Saad Bin Abul Kashem received his Ph.D. degree in Robotics and Mechatronics from Swinburne University of Technology (SUT), Melbourne, Australia, in 2013. He received his B.Sc. in Electrical and Electronic Engineering from East West University, Bangladesh, back in 2008. At present, he is working as a Robotics and Advanced Computer Skills Faculty at Qatar Armed Forces – Academic Bridge Program, Qatar Foundation in Qatar. He is also a Visiting Research Fellow in Electrical & Computer Engineering at Texas A&M University and a Visiting Assistant Professor at Presidency University. As a Lecturer in the Electrical Engineering department (Robotics and Mechatronics Engineering panel) at Swinburne University of Technology (October 1, 2014 to July 27, 2017), he had been convener, moderator, and instructor of different courses. He has over eleven years' experience in both industry and academia. Dr. Saad has already published 51 articles in the form of Book, Book Chapter, Journal and Conference Proceedings. He is a professional member of Institution of Engineering and Technology, UK (IET), Institute of Electrical and Electronics Engineers (IEEE), IEEE Robotics and Automation Society, and International Association of Engineers (IAENG). He is an editorial board member and reviewer of many international reputed Journals such as Journal of Electrical and Electronic Engineering (USA), IEEE Transactions on Control Systems Technology (USA), Vehicle System Dynamics, Taylor and Francis Ltd, (UK) etc. His research interests include vehicle dynamics, electric vehicle, renewable energy systems, intelligent and autonomous control, robotics, nonlinear control theory, and applications.

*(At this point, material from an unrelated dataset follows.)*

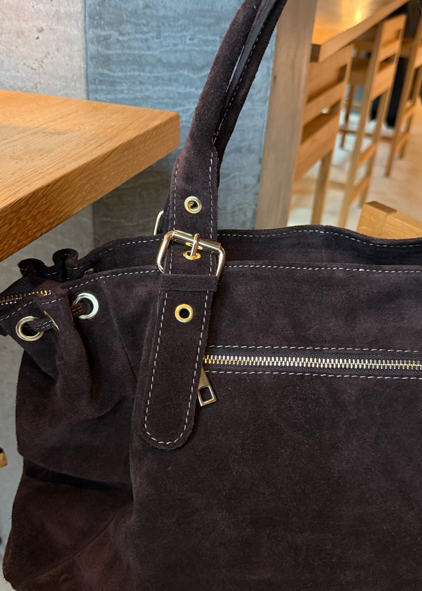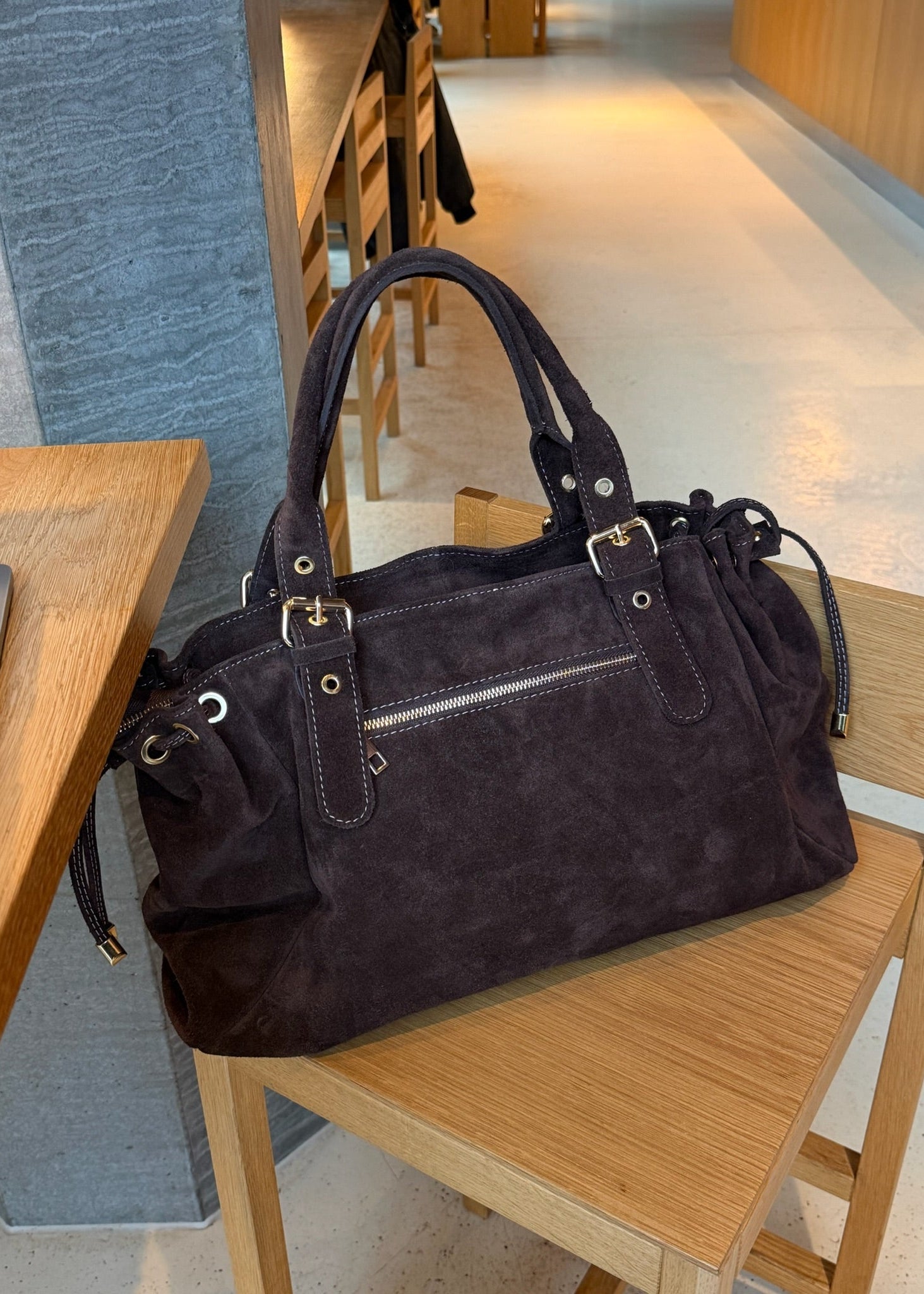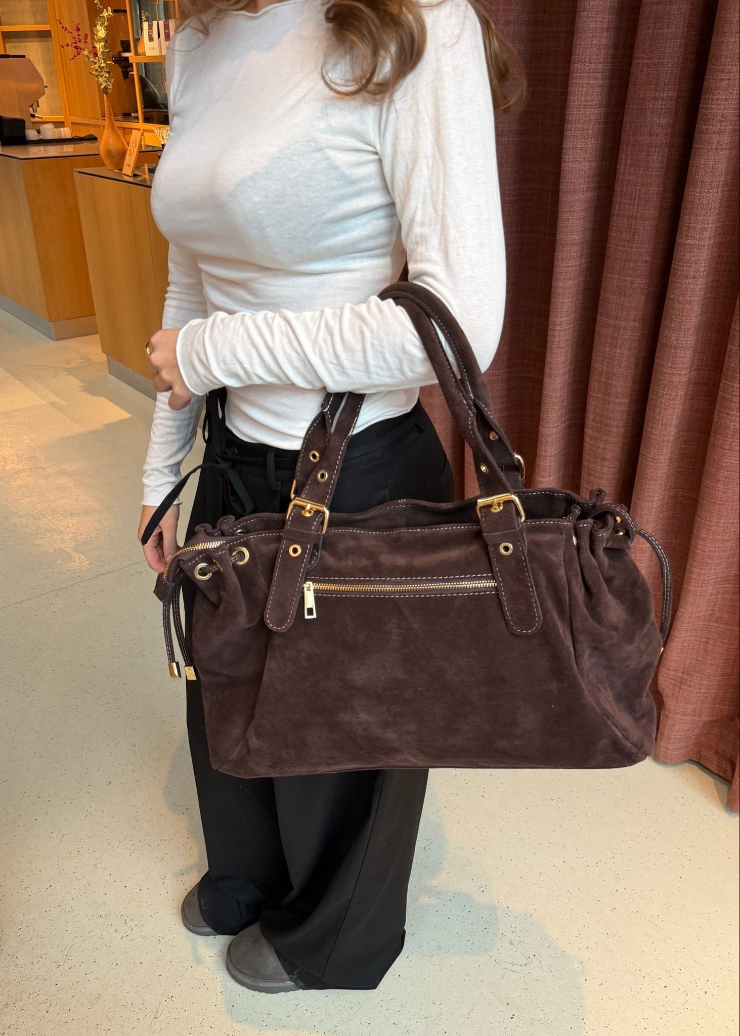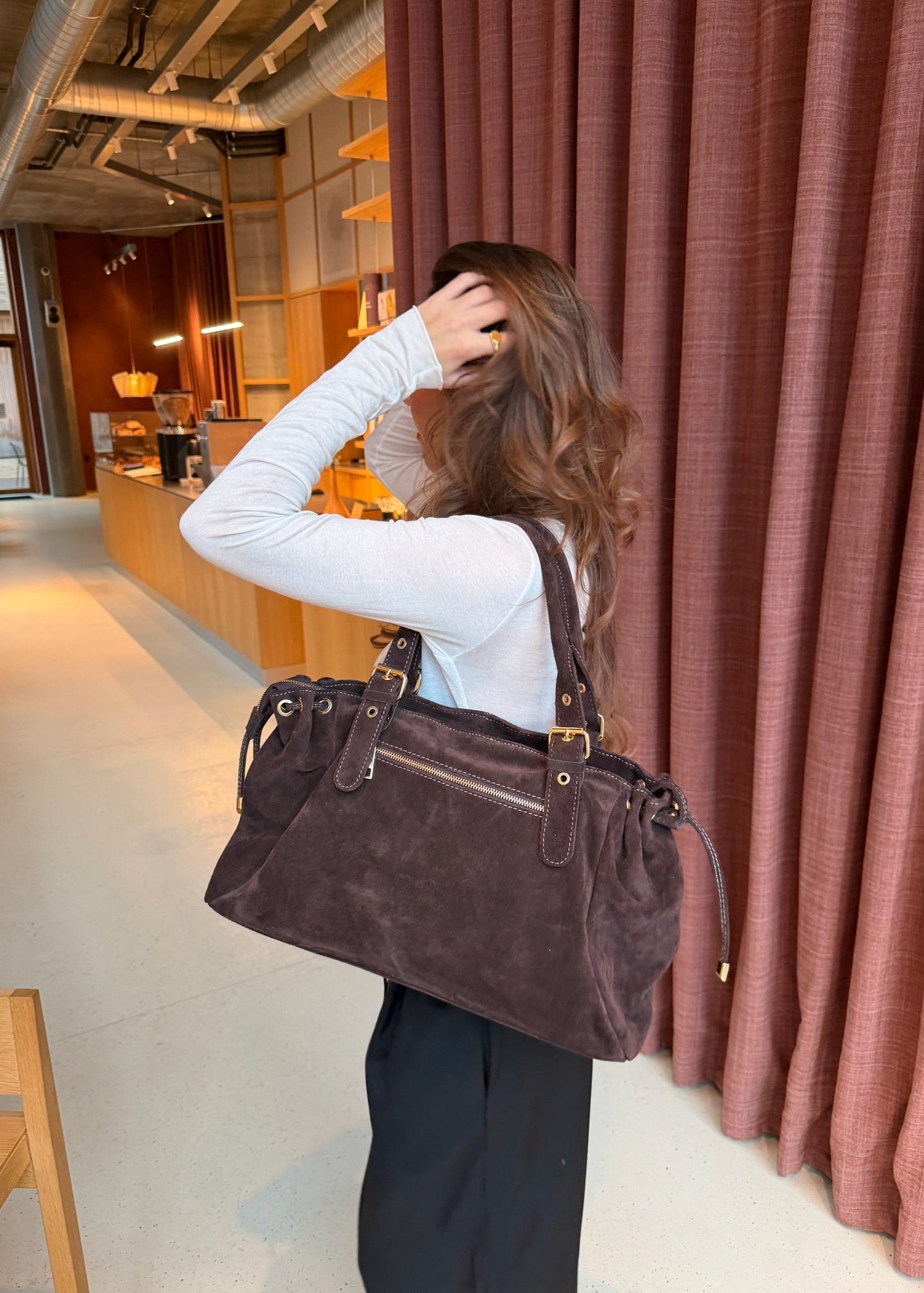 London Tasken i Ruskind er en elegant skuldertaske fremstillet i 100 % ægte ruskind 🤎💫 Tasken har justerbare stropper og kan strammes ind i siderne, så formen nemt kan tilpasses efter behov.

Mohammad Tariqul Islam (Senior Member, IEEE) is currently a Professor with the Department of Electrical, Electronic and Systems Engineering, Universiti Kebangsaan Malaysia (UKM), and a Visiting Professor with the Kyushu Institute of Technology, Japan. He is the author or coauthor of about 500 research journal articles, nearly 175 conference papers, and a few book chapters on various topics related to antennas, microwaves, and electromagnetic radiation analysis with 20 inventory patents filed. Thus far, his publications have been cited 5641 times and his H-index is 38 (Source: Scopus). His Google scholar citation is 8200 and H-index is 42. His research interests include communication antenna design, satellite antennas, and electromagnetic radiation analysis. He is a Chartered Professional Engineer (C.Eng.), a member of IET, U.K., and a Senior Member of IEICE, Japan. He was a recipient of the 2018 IEEE AP/MTT/EMC Excellent Award, the Publication Award from the Malaysian Space Agency, in 2014, 2013, 2010, and 2009, and the Best Paper Presentation Award from the International Symposium on Antennas and Propagation (ISAP 2012), Nagoya, Japan, in 2012, and IconSpace, in 2015. He received several international gold medal awards, including the Best Invention in Telecommunication Award, the Special Award from Vietnam for his research and innovation, and best researcher awards at UKM, in 2010 and 2011. He also won the Best Innovation Award, in 2011, and the Best Research Group in ICT Niche by UKM, in 2014. He was a recipient of more than 40 research grants from the Malaysian Ministry of Science, Technology and Innovation, the Ministry of Education, the UKM Research Grant, and international research grants from Japan and Saudi Arabia. He serves as a Guest Editor for Sensors Journal and an Associate Editor for IEEE Access and Electronics Letters (IET).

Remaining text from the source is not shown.